**WHAT NEEDS TO BE DONE**:
While leaving the pictures out, set down only the lines from the one with "41. Marasmius sp." through the end of the records, exactly as they stand.

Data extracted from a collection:
-=-=-=-=-

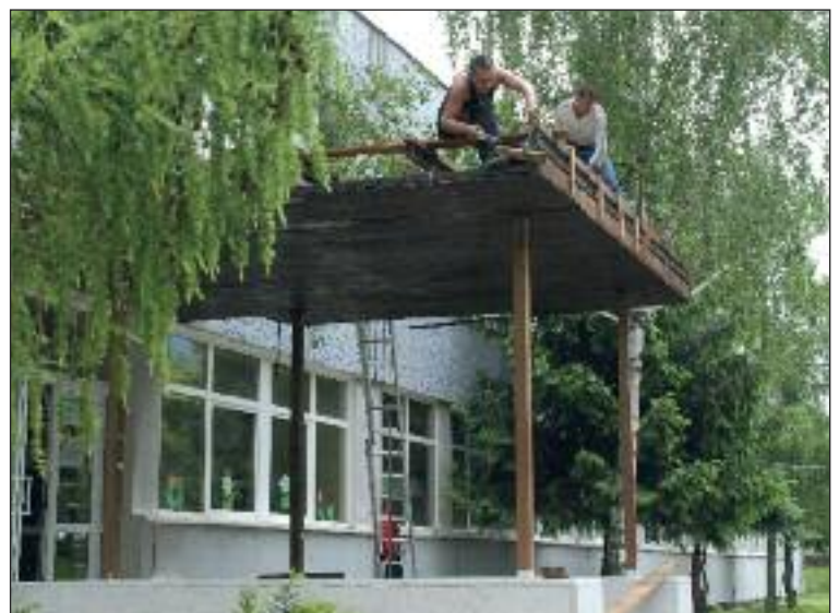
Oprava vstupu do Základnej školy Pri kríži.
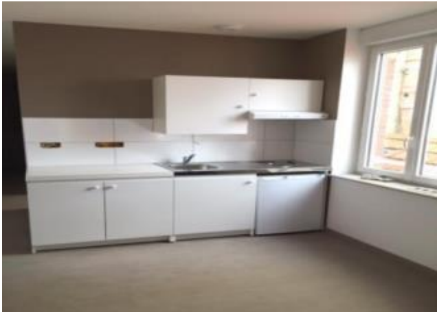
Réf.: 00583 Loyer mens.: 335€ CC* ROANNE

Idéalement situé, studio de 37.54 M 2 situé au 1er étage d'un immeuble place Clémenceau à Roanne, comprenant : cuisine meublée équipée ouverte sur pièce principale, salle d'eau - Terrasse privative - Chauffage individuel électrique
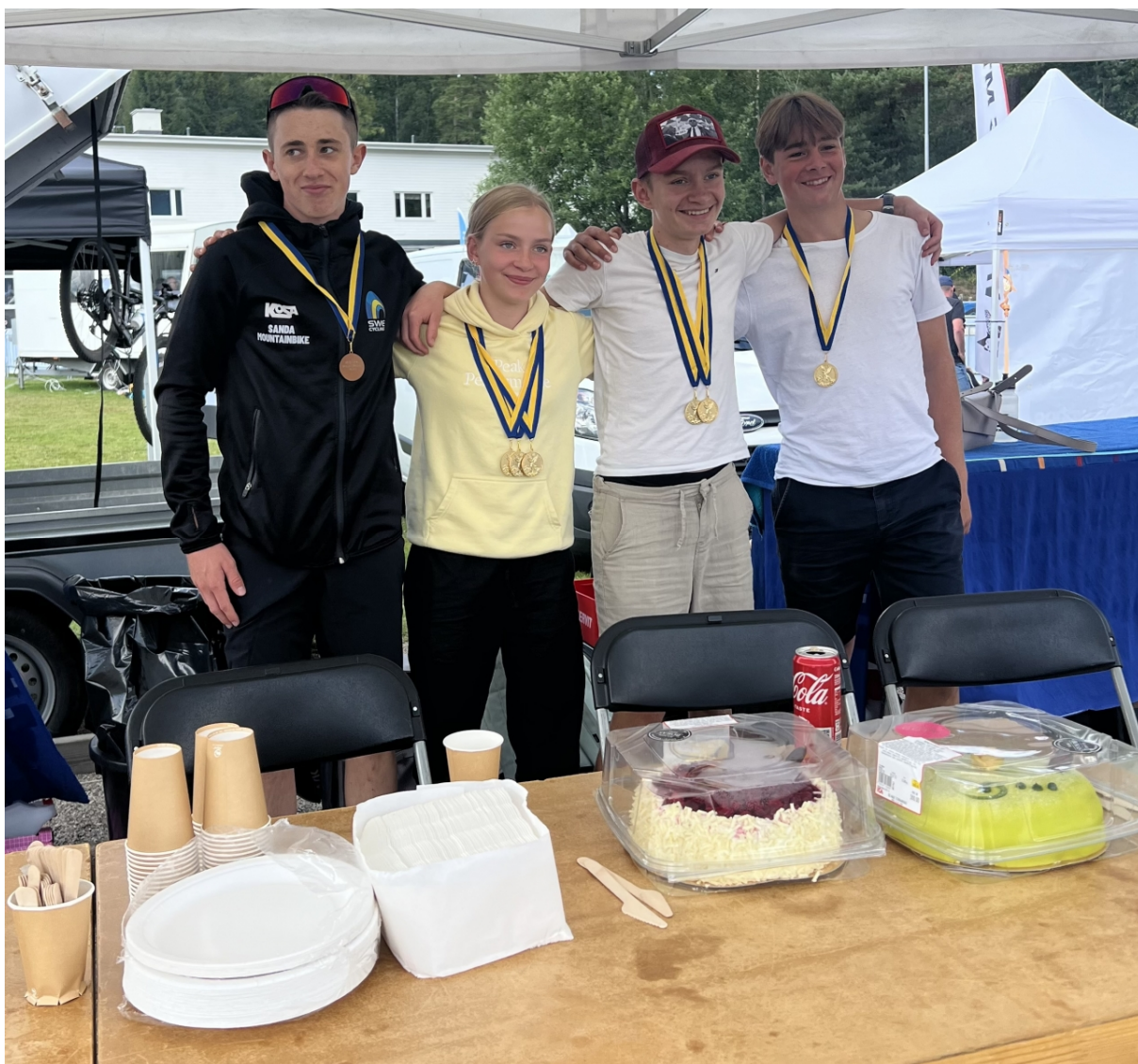
SM XCO i Borås, med tårtkalas
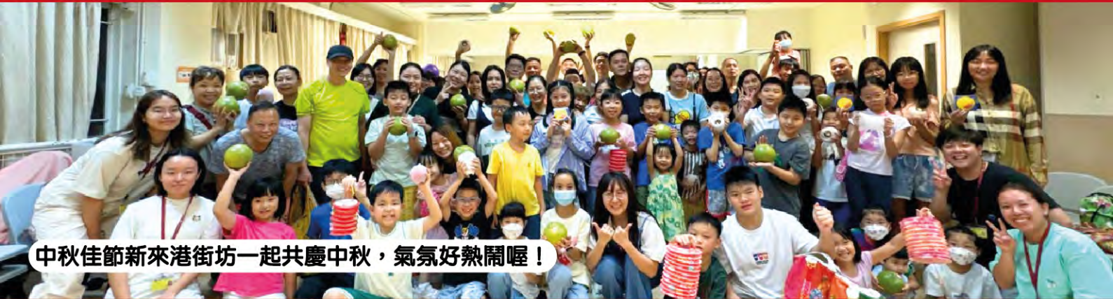
中秋佳節新來港街坊一起共慶中秋，氣氛好熱鬧喔！
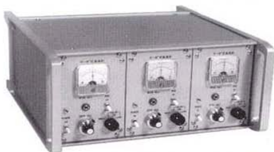
3チャンネル本体部 SH-303 型
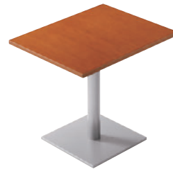
T09 9N-600W 750D - EV-SI ¥52,600 695H/脚450 □ 天板:¥28,500 脚部:¥24,100 >> P372
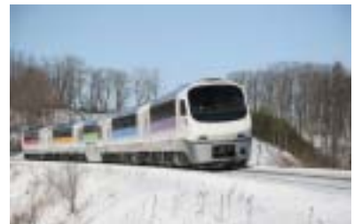
ノースレインボー車両
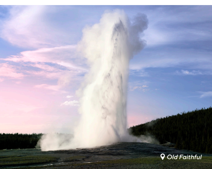
📍 Old Faithful
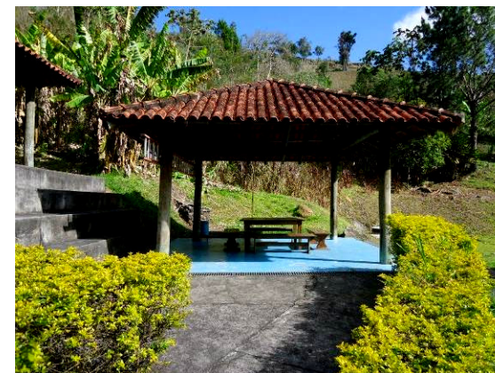
Praça de Acolhimento 2
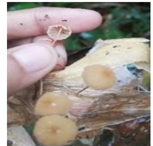
41. Marasmius sp.
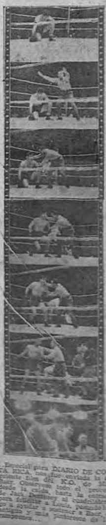
Film del "K. O." de Baer

LOS TREMENDOS DAÑOS DE LOS HURACANES EN CUBA LA HABANA, 30.— Los últimos informes oficiales del ejército han anotado desde el sábado la isla de Cuba, indican que ha habido 29 muertos, cerca de cuatrocientos heridos y daños materiales por más de cuatro millones de dólares. Los afectados más afectados son Santa Clara y Camagüey. Observese todo el proceso de Jack Dempsey al consolarse de su victoria a Louis, campeón antiguo y más poderoso de Baer, el campeón de los tiempos de la guerra.
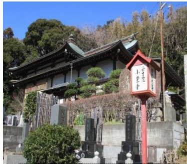
遊行寺境内長生院・小栗堂
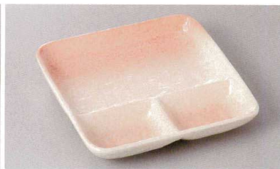
267-6-77H 1,300円 桜志野三つ仕切正角皿 18×17×3cm
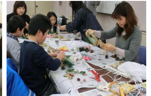
親子ものづくり体験教室
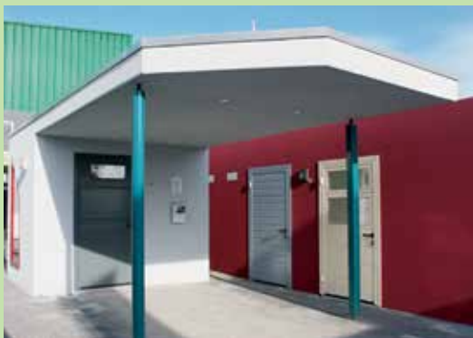
Der Carporto kann als Einzel- oder Reihenanlage ausgeführt werden. Unterschiedliche Längen und Breiten des Abstellraums wie der dazugehörigen Carportplatte passen sich Ihren Wünschen individuell an.
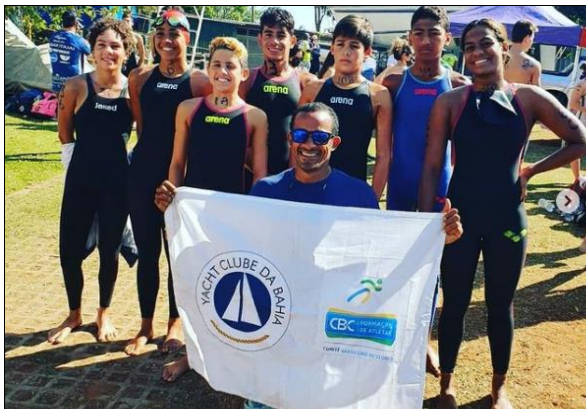
4ª etapa do Campeonato Brasileiro de Maratonas Aquáticas
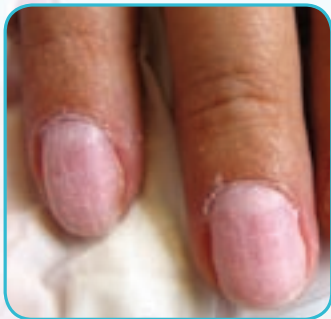
1. Standardowo przygotowujemy płytkę paznokcia.

Akryl przezroczysty, biały, różowy, zielony Ozdoby biała koronka, drobny srebrny brokat, gruby brokat opalizujący, srebrny bulion, koralki srebrne, opalizujące cyrkonie Swarovskiego Flexbrush biały top coat uv
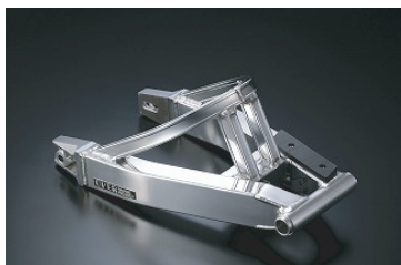
・APE リブ付パイプ スタビ付
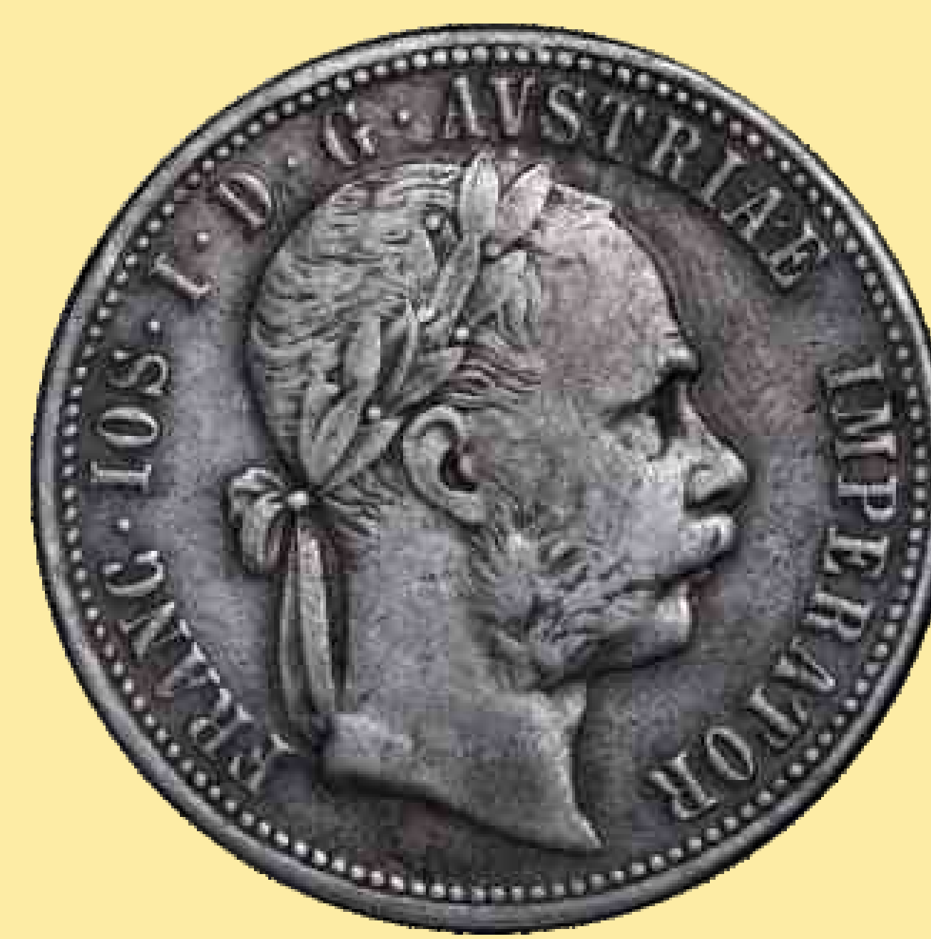
Vedení dolu obdarovalo havíře dne 14. 9. 1875 jako projev uznání za jimi vykonané dílo tzv. příbramským pamětním stříbrným zlatníkem. Na lici platidla je portrét císaře Františka Josefa I., na rubu mince poprvé použitý česko-německý text: „Upomínka na dosaženou kolmou hloubku 1 000 m, Příbram 1875“.

-=-=-=-=-

**ANSWER SECTION**:
41. Marasmius sp.
Film del "K. O." de Baer

LOS TREMENDOS DAÑOS DE LOS HURACANES EN CUBA LA HABANA, 30.— Los últimos informes oficiales del ejército han anotado desde el sábado la isla de Cuba, indican que ha habido 29 muertos, cerca de cuatrocientos heridos y daños materiales por más de cuatro millones de dólares. Los afectados más afectados son Santa Clara y Camagüey. Observese todo el proceso de Jack Dempsey al consolarse de su victoria a Louis, campeón antiguo y más poderoso de Baer, el campeón de los tiempos de la guerra.
遊行寺境内長生院・小栗堂
267-6-77H 1,300円 桜志野三つ仕切正角皿 18×17×3cm
親子ものづくり体験教室
Der Carporto kann als Einzel- oder Reihenanlage ausgeführt werden. Unterschiedliche Längen und Breiten des Abstellraums wie der dazugehörigen Carportplatte passen sich Ihren Wünschen individuell an.
4ª etapa do Campeonato Brasileiro de Maratonas Aquáticas
1. Standardowo przygotowujemy płytkę paznokcia.

Akryl przezroczysty, biały, różowy, zielony Ozdoby biała koronka, drobny srebrny brokat, gruby brokat opalizujący, srebrny bulion, koralki srebrne, opalizujące cyrkonie Swarovskiego Flexbrush biały top coat uv
・APE リブ付パイプ スタビ付
Vedení dolu obdarovalo havíře dne 14. 9. 1875 jako projev uznání za jimi vykonané dílo tzv. příbramským pamětním stříbrným zlatníkem. Na lici platidla je portrét císaře Františka Josefa I., na rubu mince poprvé použitý česko-německý text: „Upomínka na dosaženou kolmou hloubku 1 000 m, Příbram 1875“.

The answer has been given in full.